Physicians now hesitant to treat COVID-19 as a high-altitude pulmonary edema (HAPE) syndrome

To follow-up on the previous claims that COVID-19 “might be more closely related to a high-altitude pulmonary edema (HAPE) — than an acute respiratory distress syndrome (ARDS) presentation” — knowledgeable experts [see article from Medscape below] are saying that each patient is heterogeneous (i.e. there exist genetic differences in response to this virus, just as there is for every other response to an environmental signal) and must be treated individually. The anxiety and frustration of the pandemic is pushing many to exploit social media with way too many scientifically-inaccurate anecdotal stories — which are simply confusing the entire population (including those in Washington DC, trying desperately to create “government policy based on scientific facts).
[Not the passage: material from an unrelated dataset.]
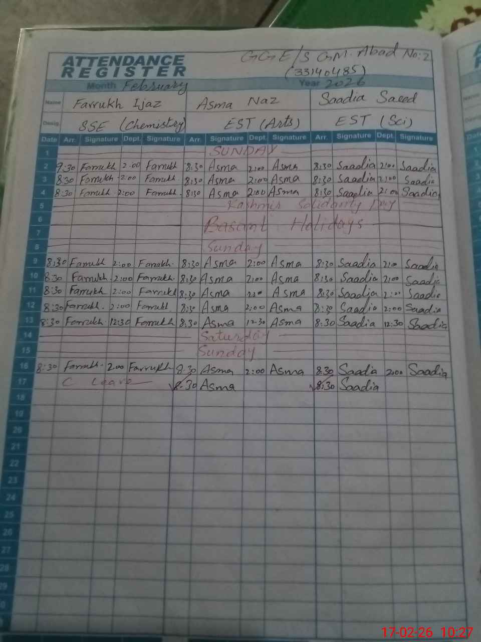 | 33**** | Fa**** Ij**** | SSE Science | Contract | 0 | 0 | 0 | 0 | 0 | 0 | 0 | 0 | 0 | Casual |

The social media wants answers and they want them immediately, but this is not possible. We’ve seen this for 35+ years with the global warming hysteria. The same has occurred with the Linear No-Threshold (LNT) policy for cancer-risk assessment, which has been going on without solid scientific facts since the 1960s. If a problem is extremely complex, then it requires much further scientific experimentation before solid facts can be teased out; to create government policy — before all facts are in — is simply irrational, as well as unnecessarily expensive to the taxpayer.

The same problem (worldwide) is being seen in “the urgent testing dilemma.” We want to know who is, and who is not, contagious (and therefore able to return to the workplace), and — if once a person has been infected with SARS-Cov-2 — does that create “immunity” (from being infected a second time), and, if there is immunity, how long does it last? There is no vaccine; an effective vaccine <> available by mid-2021, but there is no guarantee a vaccine will ever be successful for this virus.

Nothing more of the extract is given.